Adam yang sudah muak dengan perkataan Alya langsung masuk kekamar atas untuk mengambil kertas hasil periksaan kehamilan Alya. Alya yang melihat Mas Adam berjalan kelantai atas, hanya terdiam dengan wajah bingung dan penuh tanda tanya, apa lagi yang akan dilakukan oleh Mas Adam.
"Apa kau bisa jelaskan ini?" Adam menyerahkan sebuah kertas pada Alya.
Alya yang menerima kertas tersebut langsung terkejut, kertas yang selama ini dia pikir tertinggal di dalam taksi ternyata ada di tangan Mas Adam. Dan itu berarti Mas Adam sudah lama tahu mengenai usia kandungan Alya yang sebenarnya.
"Mas aku bisa jelaskan semuanya, pada saat itu ada kesalahan dari Dokter yang memeriksa kandunganku. Dokter itu salah tulis, dia -- "
"Mau sampai kapan kau berbohong, sekarang juga kau harus ikut aku. Kita lakukan tes DNA" Adam menarik kembali tangan Alya.
"Aku tidak mau Mas," ucap Alya dengan menahan dirinya.
Anin yang berada ditengah-tengah Mas Adam dan Alya merasa sangat binggung untuk menengahi mereka. Tapi dengan kejadian di depan matanya ini membuat Anin semakin yakin kalau Mas Adam bukan Ayah dari bayi dalam kandungan Alya.
__ADS_1
"Mas sudah," pinta Anin memegang tangan Mas Adam.
Adam pun berhenti karena melihat wajah Anin yang terlihat sedih, Adam pun kembali menatap Alya dengan tajam.
"Karena kau tidak mau diajak untuk melakukan tes DNA, mulai saat ini aku menceraikanmu Alya kusumawati dan mulai detik ini kau sudah bukan istriku lagi," ucap Adam dengan tegas.
Alya dan Anin langsung terkejut mendengar ucapan Mas Adam. jatuh sudah talak pada Alya dan itu berarti Alya sudah bukan istri dari Mas Adam.
"Mas, kau tidak bisa menceraikanku begitu saja!" bentak Alya dengan emosi. Alya merasa tidak terima diceraikan begitu saja oleh Mas Adam.
"Tentu saja aku bisa, karena bagiku sudah jelas semuanya. Bayi yang kau kandung itu bukan anakku! karena kau tidak mau untuk diajak tes DNA atau pun hanya sekedar melakukan usg untuk mengetahui usia kandunganmu." jawab Adam dengan tegas. "Sekarang juga kau keluar dari rumahku, habis sudah batas kesabaranku."
"Aku tidak mau, aku tidak mau pergi dari rumah kita Mas." Alya berlari menuju kamarnya dan langsung mengunci pintu kamarnya.
Adam yang hendak menyusul Alya langsung di cegah oleh Anin. "Sudah Mas, biarkan saja Alya berada disini dulu." pinta Anin.
"Tapi Anin dia itu sudah membodohiku, dia menjebakku, dan dia juga sudah hampir membuat pernikahan kita berantakan." Adam menatap mata Anin dengan intens.
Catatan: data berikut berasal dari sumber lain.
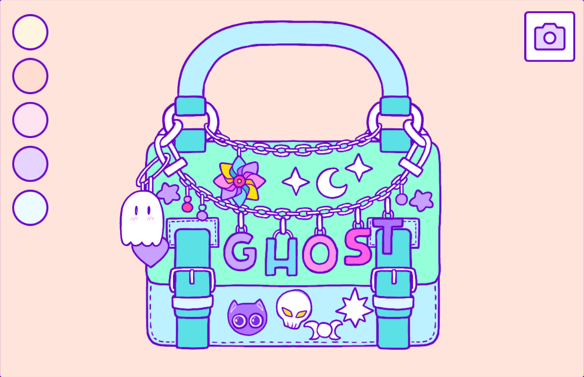 Lovely and visually stunning game! I've seen a lot of dress up games, but I never saw one for bags, it's a great idea! Thank you for including stickers too <3 If there was a way to "erase" a charm I didn't find it, so I had a bit of a hiccup where I was trying to pick a white sticker but it kept selecting the yellow one and they accumulated one over the other XD It was funny.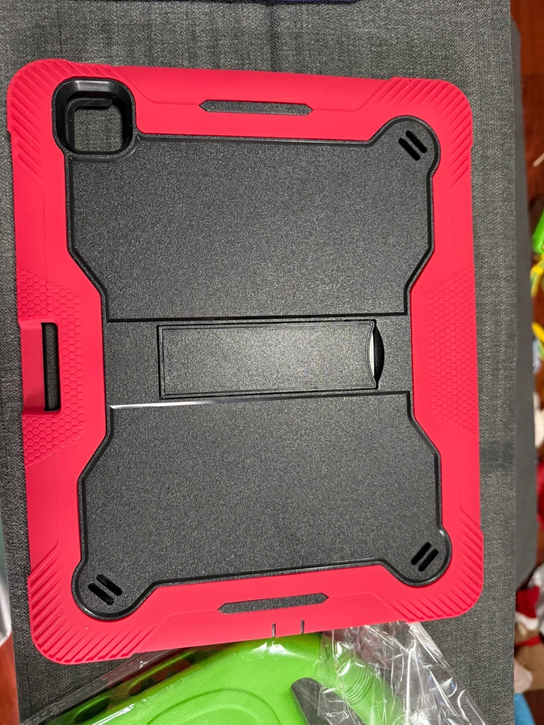 This sturdy green tablet case is designed for kids and features a built-in handle for easy carrying. It provides robust protection for your tablet. Made from durable, shock-absorbent material.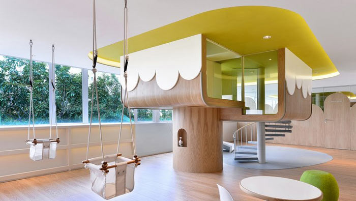 兒童教育培訓機構秋千區(qū)設計:探索樹上小木屋,讓孩子體驗像鳥一樣的自由自在,每天蕩秋千20分鐘,寶寶會快樂一整天,來源于戶外的靈感,營造舒適的室內玩??臻g。

"Mas, ingat Alya sedang hamil. Aku tidak mau kalau sampai terjadi sesuatu pada Alya dan bayi dalam kandungannya." lirih Anin.
"Tapi Anin, dia -- "
"Mas, bagiku sudah cukup dengan mengetahui kalau bayi yang di kandungan Alya memang bukan anakmu. Dia pun sudah kau ceraikan, anggaplah dia itu adik kita yang butuh tempat tinggal. Ijinkan dia tinggal disini sampai kita tahu siapa Ayah dari anak yang dikandung Alya dan meminta orang tersebut untuk bertanggung jawab pada perbuatannya." pinta Anin dengan tulus.
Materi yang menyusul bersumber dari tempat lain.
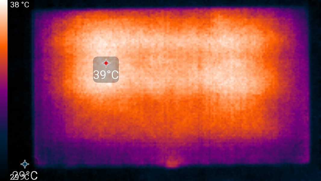Нагрев телевизора спереди можно оценить по приведенному снимку с ИК-камеры, полученному после долговременной работы на максимальной яркости в помещении с температурой примерно 24 °C:

Adam menatap wanita yang ada di hadapannya itu, wanita yang sudah banyak berubah lebih tenang dan bijak dalam menghadapi masalah.
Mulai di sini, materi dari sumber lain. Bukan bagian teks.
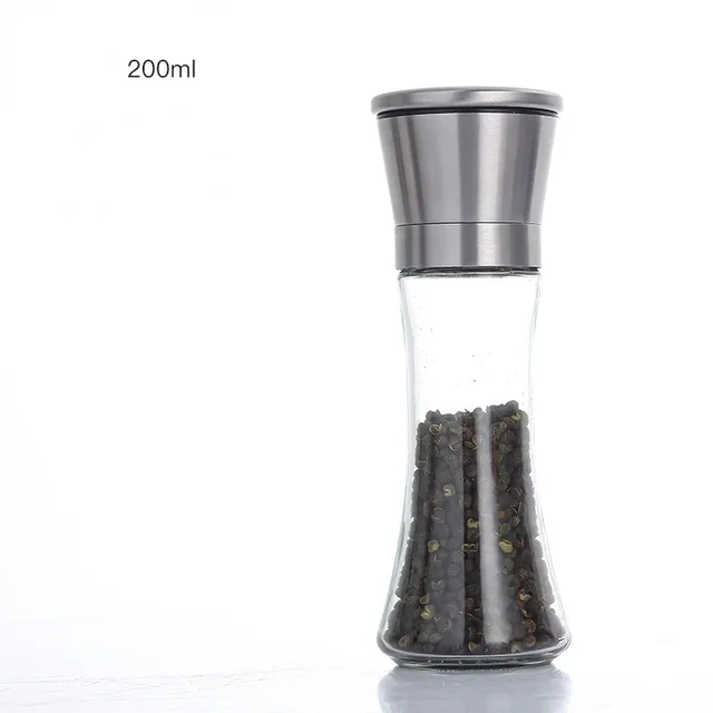 180/200ML Pepper Grinder Stainless Steel Glass Spice Bottle Salt Pepper Mill Manual Spice Grinder Mill Household Kitchen Gadgets

"Aku bangga padamu sayang," Adam memeluk Anin dengan erat. "Aku bangga memiliki istri yang pemaaf sepertimu."
"Mas, aku hanya tidak ingin kita hidup didalam kebencian. Dan aku ingin kau pun memaafkan Alya, buang jauh rasa amarahmu Mas."
Adam pun semakin memeluk Anindita dengan erat dan mencium kening istri tercintanya itu. Adam sangat berterima kasih pada almarhum Kakeknya dan Kakek Anindita yang sudah menjodohkan mereka berdua.